At twelve, I was identified by the local football association – a collection of loud, portly older men who hung American flags on telephone poles and advised me to “kick, Bobby, kick” – as being something approaching good. I was an option quarterback on the local Pop Warner team, running an 11-man clusterfuck resembling the Wildcat offense because A) I could run for long distances without being tackled, B) I couldn’t throw, and C) Nobody on my team could catch the ball particularly well. Within two years, I was the target of an ostensible bidding war, with the local Catholic and public high school coaches explaining to my father how much better off I’d be were I to attend their school.

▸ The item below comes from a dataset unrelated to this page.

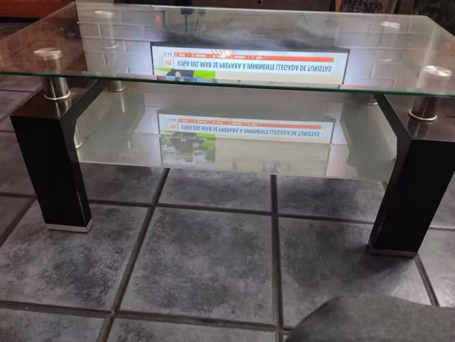 Mesa de centro vidrio y madera 1 metro y 10 Cms de largo y 60 Cms de ancho y 42 Cms de alto

This wasn’t a formal recruitment, but it was there, and it was the first time anyone I didn’t know wanted me for something. That year, I played in a summer basketball tournament, where Rob Moore, who was several years older than me and played wide receiver in the NFL for several years, spread his legs, jumped over me and dunked the ball when I tried to take a charge.

My football success was more a product of my ability to recognize patterns where they existed – and with being forced into playing, to an extent, by my father – than it had to do with any sort of specific ability. I couldn’t throw the ball very far or accurately. I wasn’t exceptionally fast, had long legs and a short upper torso conducive neither to hitting nor being hit, and was cursed with the unfortunate combination of huge feet and small hands. The one thing I could do was anticipate what was coming, then move my feet fast enough to get where I needed to be. In a hundred yard dash, you could beat me by ten steps, but in a ten yard radius, within the context of a football game swirling around us, I’d be at the head of a play before you’d even known to take your first step. I could recognize the flow of things and react to it before it made sense to anyone else.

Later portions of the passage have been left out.